# DocumentLens: Rich Document Parsing with LLMs

A powerful, LLM-based tool for extracting structured data from rich documents (PDFs) with Llama models.

## Overview

This tool uses Llama models to extract text, tables, images, and charts from PDFs, converting unstructured document data into structured, machine-readable formats.
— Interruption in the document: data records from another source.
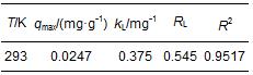 式中,kL為Langmuir常數,qmax為單層飽和吸附容量(mg · g-1).
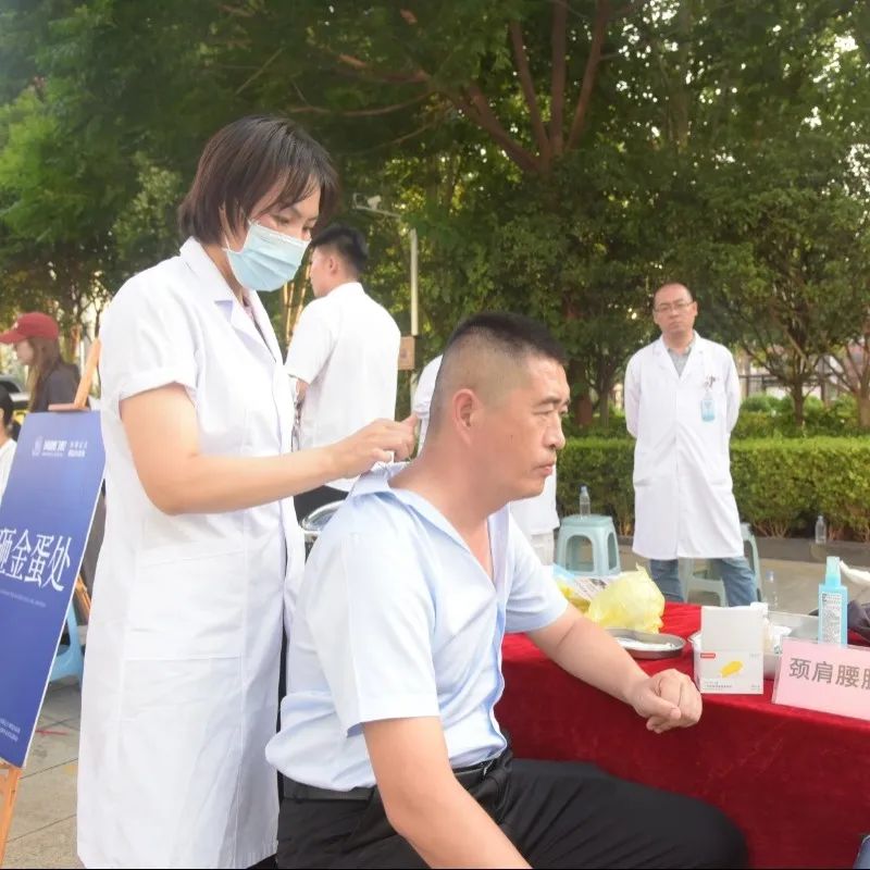 鳳凰怡康醫(yī)院各科室在比賽開始前就已經(jīng)早早搭好了臺子,為前來觀看比賽的居民進行健康檢查。不僅可以測血壓、按摩,還可以現(xiàn)場針灸。
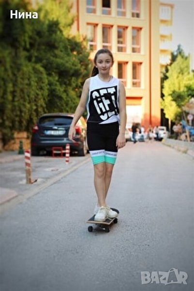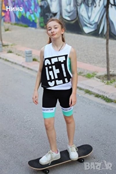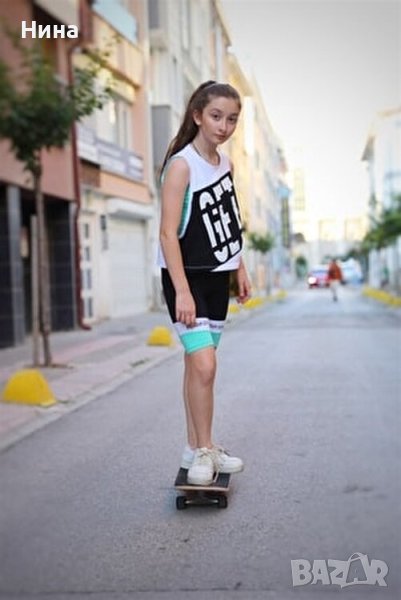 Спортен, красив, интересен и удобен 🔝 Комплект от 3 части, в черно- бяла комбинация с тюркоаз ✨ Бюстие, потник и клин - страхотна материя ⭐
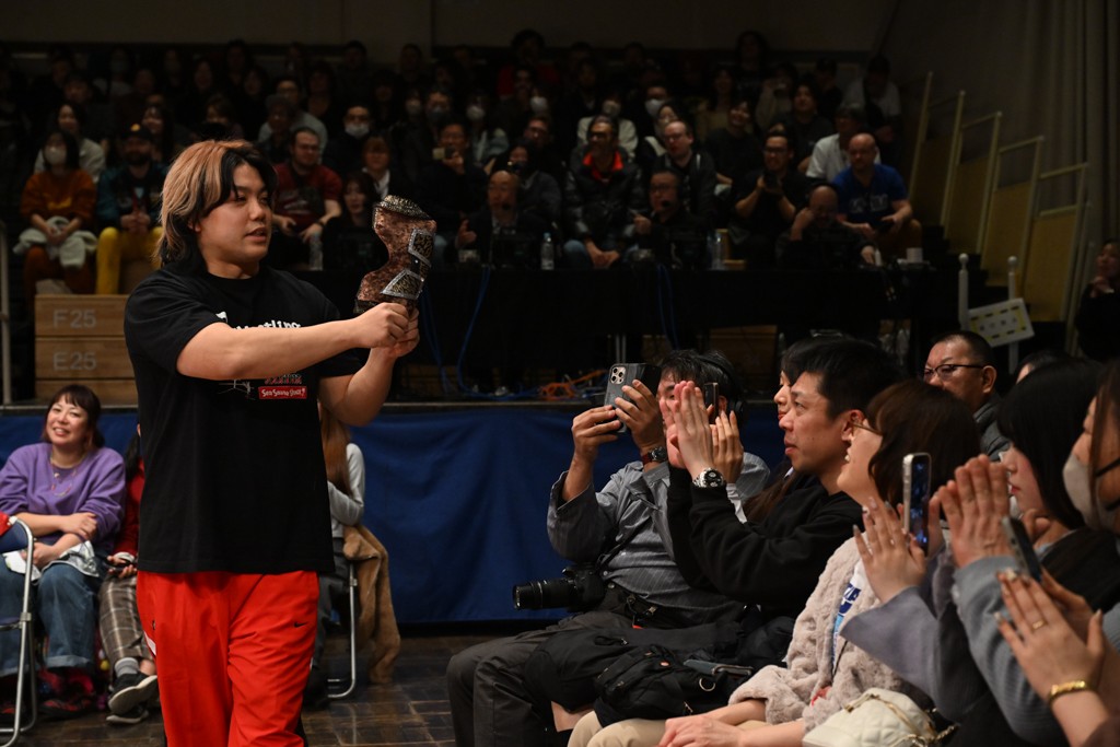 武知は2024年2・25後楽園で鮮烈なプロレスデビューを果たした。昨年6月にはプロレスラーとして、DDTに入団。同年9・28後楽園では上野、To-yとのトリオで岡谷英樹&MJポー&イルシオンとのKO-D6人タッグ王座決定戦に臨み、イルシオンに勝利。わずかデビュー5戦目で自力初勝利、タイトル初戴冠の快挙を成し遂げた。11・3両国国技館ではIWGP世界ヘビー級王者KONOSUKE TAKESHITAとの夢のタッグで、樋口和貞&正田壮史と激闘を繰り広げて白星をマーク。11・19後楽園では新日本プロレスに初参戦し、1・4東京ドーム大会でのNEVER無差別級6人タッグ選手権試合(トルネードランボー)への出場が決まった。一連の活躍が認められて「プロレス大賞」(東京スポーツ新聞社制定)の新人賞を受賞した。
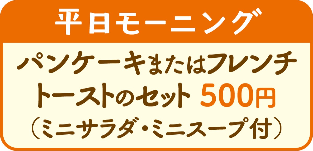 併設レストランでは毎朝7時からのモーニング(LO10時)が人気。特にパンケーキ、フレンチトーストのセット(ミニサラダ・ミニスープ付)が500円。お勧めだ。

It supports:

- **Text extraction**: Extract and structure main text, titles, captions, etc.
- **Table extraction**: Convert complex tables into structured data formats
- **Image extraction**: Extract images with contextual descriptions and captions
- **Chart extraction**: Convert charts and graphs into structured JSON data
- **Multiple output formats**: JSON, CSV, Excel, and SQL database storage
- **Vector search capabilities**: Semantic search across extracted content

The tool is designed to handle complex documents with high accuracy and provides flexible configuration options to tailor extraction tasks to specific needs.


## Project Structure

```
structured_parser/
├── src/
│   ├── structured_extraction.py  # Main entry point and extraction logic
│   ├── utils.py                  # Utility functions and classes
│   ├── typedicts.py             # Type definitions
│   ├── json_to_table.py         # Database integration functions
│   └── config.yaml              # Configuration file
├── pdfs/                        # Sample PDFs and extraction results
├── README.md                    # This file
├── CONTRIBUTING.md              # Contribution guidelines
└── requirements.txt             # Python dependencies
```


## Installation

### Prerequisites

- Python 3.9+
- [Optional] Local GPU for offline inference

### Setup

1. Clone the repository

```bash
git clone https://github.com/meta-llama/llama-cookbook.git
cd llama-cookbook
```

2. Install project specific dependencies:
```bash
cd end-to-end-use-cases/structured_parser
pip install -r requirements.txt
```

### Configure the tool (see [Configuration](#Configuration) section)
(Note: Setup API Key, Model for inferencing, etc.)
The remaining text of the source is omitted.